● What to produce: Omit all pictures, then retype the data exactly as given.

● Available data:
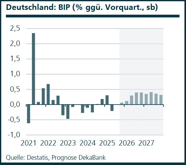 Es kehrt Ernüchterung ein. Nach einer Hoffnungswelle im Sommerhalbjahr beginnen die Stimmungsindikatoren wieder nach unten zu drehen. Es ist eine Mischung aus enttäuschten Hoffnungen auf Reformen und schwächeren Konjunkturnachrichten. So kommt der Konsum angesichts vieler Negativmeldungen zum Beschäftigungsabbau und wegen des hohen Preisniveaus nicht in Fahrt. Das Weihnachtsgeschäft dürfte hinter den Erwartungen bleiben. Insgesamt ist im Schlussquartal alles, was mehr als Stagnation ist, schon ein Erfolg. Im kommenden Jahr ist dank eines positiven Arbeitstageeffekts und der Schubwirkung der Sondervermögen ein gesamtwirtschaftliches Wachstum von immerhin wiede r0,9 Prozent erreichbar
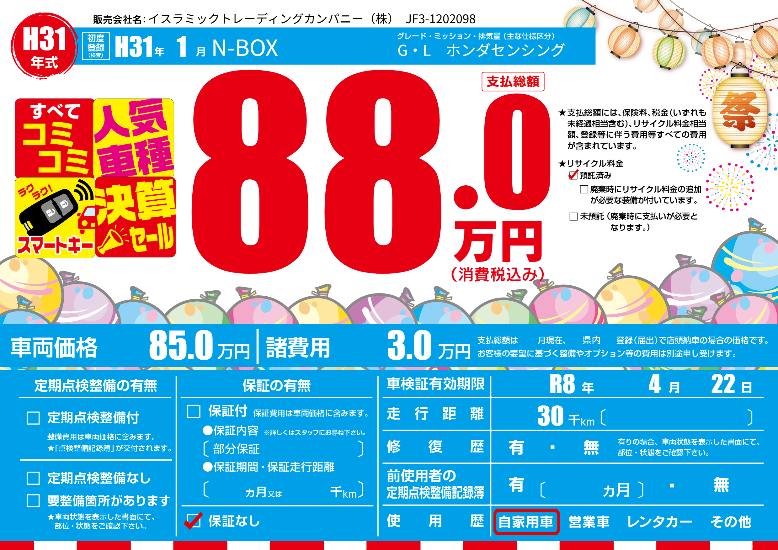 なし | 車検制限 | R8年4月22月 |
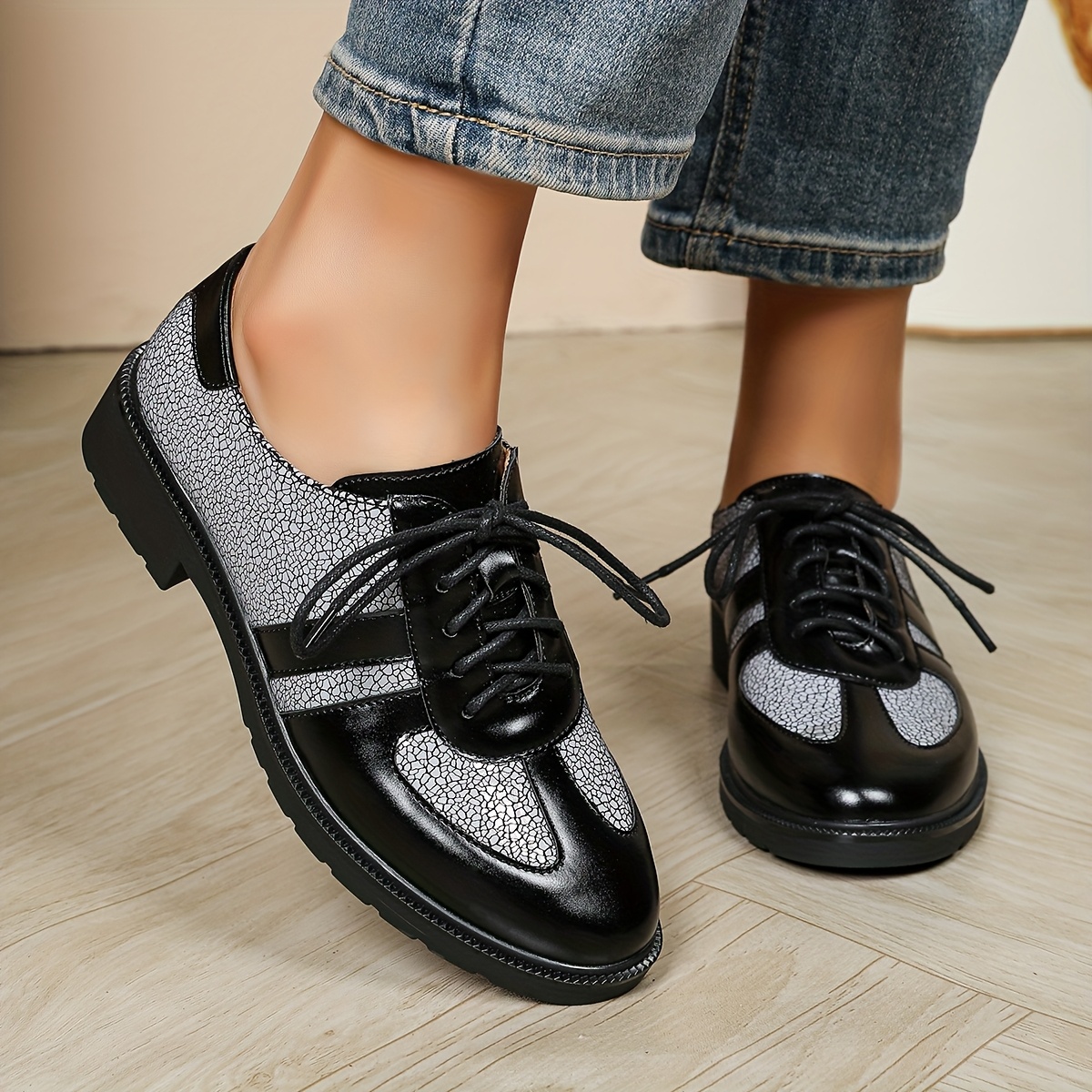 استعدي لتتألقي بأسلوب يجمع بين الأناقة الكلاسيكية والعصرية مع حذاء الأوكسفورد النسائي بالكعب العريض. هذا الحذاء، بتصميمه الفريد ثنائي اللون ولمسته العتيقة، ليس مجرد قطعة أزياء، بل هو تعبير عن شخصيتك الواثقة. مصمم ليمنحك الراحة والثبات على مدار اليوم، ويجعلك جاهزة لمواجهة أي مناسبة بأناقة لا مثيل لها.
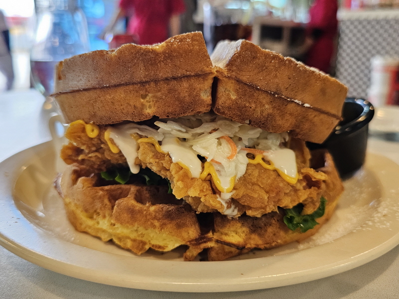 와플을 번 대신 사용한 치킨 샌드위치 혹은 치킨 버거라고 볼 수 있어요.
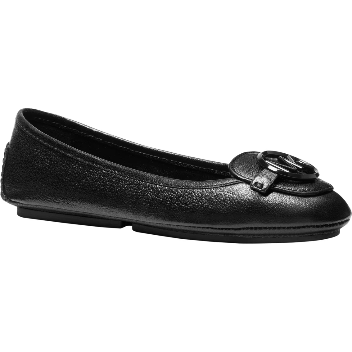 Michael Kors brings a staple to your wardrobe in the classically sleek lines and bold logo hardware on these Lillie moccasin flats. Expertly crafted in a streamlined, feminine silhouette, this shoe offers standout appeal! Style: 40R9LIFP.
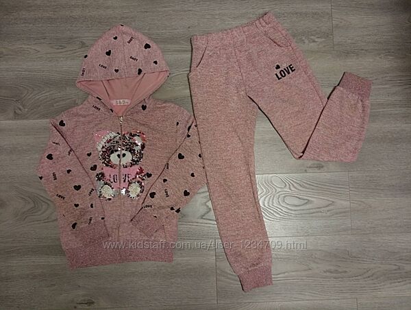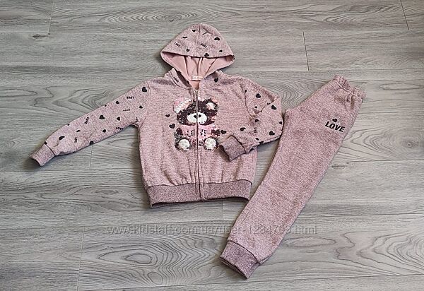 Костюм на ріст 122 (6-8 років). Угорщина. Фірма SDЯкісний костюм. Склад тканини 93% котон, 7 % еластан. Колір - пудра, рожевий не яскравий, спокійний.
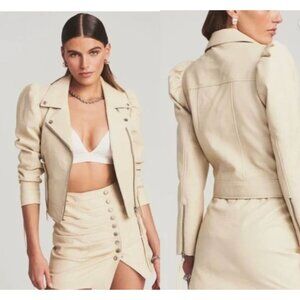 retrofete Lo Leather Biker Jacket Cream Womens Size Large

● Your response:
 Es kehrt Ernüchterung ein. Nach einer Hoffnungswelle im Sommerhalbjahr beginnen die Stimmungsindikatoren wieder nach unten zu drehen. Es ist eine Mischung aus enttäuschten Hoffnungen auf Reformen und schwächeren Konjunkturnachrichten. So kommt der Konsum angesichts vieler Negativmeldungen zum Beschäftigungsabbau und wegen des hohen Preisniveaus nicht in Fahrt. Das Weihnachtsgeschäft dürfte hinter den Erwartungen bleiben. Insgesamt ist im Schlussquartal alles, was mehr als Stagnation ist, schon ein Erfolg. Im kommenden Jahr ist dank eines positiven Arbeitstageeffekts und der Schubwirkung der Sondervermögen ein gesamtwirtschaftliches Wachstum von immerhin wiede r0,9 Prozent erreichbar
 なし | 車検制限 | R8年4月22月 |
 استعدي لتتألقي بأسلوب يجمع بين الأناقة الكلاسيكية والعصرية مع حذاء الأوكسفورد النسائي بالكعب العريض. هذا الحذاء، بتصميمه الفريد ثنائي اللون ولمسته العتيقة، ليس مجرد قطعة أزياء، بل هو تعبير عن شخصيتك الواثقة. مصمم ليمنحك الراحة والثبات على مدار اليوم، ويجعلك جاهزة لمواجهة أي مناسبة بأناقة لا مثيل لها.
 와플을 번 대신 사용한 치킨 샌드위치 혹은 치킨 버거라고 볼 수 있어요.
 Michael Kors brings a staple to your wardrobe in the classically sleek lines and bold logo hardware on these Lillie moccasin flats. Expertly crafted in a streamlined, feminine silhouette, this shoe offers standout appeal! Style: 40R9LIFP.
 Костюм на ріст 122 (6-8 років). Угорщина. Фірма SDЯкісний костюм. Склад тканини 93% котон, 7 % еластан. Колір - пудра, рожевий не яскравий, спокійний.
 retrofete Lo Leather Biker Jacket Cream Womens Size Large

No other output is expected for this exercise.